Per-atom full 437 UNSOURCED_MANUAL classification — v1.4 ships only the heuristic fix + N=80 sample; the full-precision pass defers to v1.5.
Phase 7 RAG + KG kickoff — not economical to run in parallel with the prompt refactor; standalone phase (design already complete in docs/DESIGN_RAG_KG.md).
C1-bis full LLM pipeline rerun — P2 increment + P4a forward matcher (the deterministic portion landed in C1).
C2 KB_INTERNAL_CROSSREF new classification category — the 5 NEEDS_HUMAN_REVIEW atoms from the N=80 sample expose the need for a new category beyond the current 4-class classifier.
C2 3 deep-paraphrase atoms manual review — N=80 carry (3 of the 5 NEEDS_HUMAN_REVIEW atoms are deep paraphrases pending human judgment).
C3 NotebookLM screenshot tutorial (Chrome MCP) — v1.4 DEPLOY_GUIDE has a text-level reminder + skeleton; screenshot capture defers to the next sprint.

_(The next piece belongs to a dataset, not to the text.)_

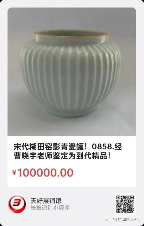 宋代糊田窑影青瓷罐!高8.5厘米!底6.5厘米!上口7.6米!经曹晓宇老师鉴定为到代精品!来源:0858。

0.E. Cosmetic / deployment notes

Gemini users: v1.4 ships a Gemini gem delta (system_prompt v9 clean rewrite + Method label anchor + KB delta). However this platform has no sanity test coverage — please self-verify answer correctness. For high-correctness use cases, prefer ChatGPT / Claude / NotebookLM (this release has sanity coverage for these three).
NotebookLM bucket 25 (v1.3 carry, v1.4 tutorial strengthening): if your existing v1.0–v1.3 NotebookLM deployment still contains the old source 25_td_meta_ti_ts_oi.md, after uploading 25_td_meta_ti_ts_oi_di.md please manually delete the old source (43 → 42 once cleaned). v1.4 .work/07_release_v1_4/V1_4_DEPLOY_GUIDE.md carries a prominent reminder (screenshot tutorial deferred to v1.5).
ChatGPT PP RELREC Method label: v1.4 KB + prompt dual-layer anchor now covers this (C4 resolved); the v1.3 PARTIAL drift should be resolved (sanity recheck deferred to user grep-level verification).

1. Not a Replacement for Official Standards

SDTM Pedia is a reference aid. Regulatory submission decisions, standards interpretation, terminology version confirmation, and critical mapping decisions should use CDISC publications, NCI EVS, licensed MedDRA resources, regulatory requirements, and internal SOPs.

2. Real-Time External Updates Are Not Guaranteed

This release reflects the knowledge scope prepared at release time. For later changes, such as new CDISC versions, Pinnacle 21 rule updates, Dataset-JSON status, or external database changes, check the relevant official source.

3. Long-Tail Terminology May Require Official Lookup

Some very large codelists and long-tail questionnaire terminology are not fully expanded on every platform. A good answer should state the boundary and point you back to NCI EVS or another authoritative source rather than generating an unverified full term list.

4. Platform Answer Styles Differ

Claude, ChatGPT, Gemini, and NotebookLM differ in style, citation display, and conservatism. NotebookLM tends to stay closest to the uploaded source set; other platforms may be better for explanation and synthesis, but still require human judgment.

5. Internal Organization Rules Are Not Covered

Sponsors, CROs, and data standards teams may have internal mapping conventions, Define-XML practices, Reviewers Guide wording, and quality workflows. SDTM Pedia can help with standards lookup, but it does not replace those conventions.

6. High-Risk Scenarios Require Human Review

Use human review for:

Decisions affecting formal submission structure or variable mapping.
Medical coding, serious adverse events, death, discontinuation, or other critical clinical concepts.
Project-specific CRFs, SAPs, data management plans, or sponsor standards.
Answers without clear support, or answers that conflict with team standards.

If you find an apparent error or gap, record the question, platform, answer, and expected source so maintainers can review it.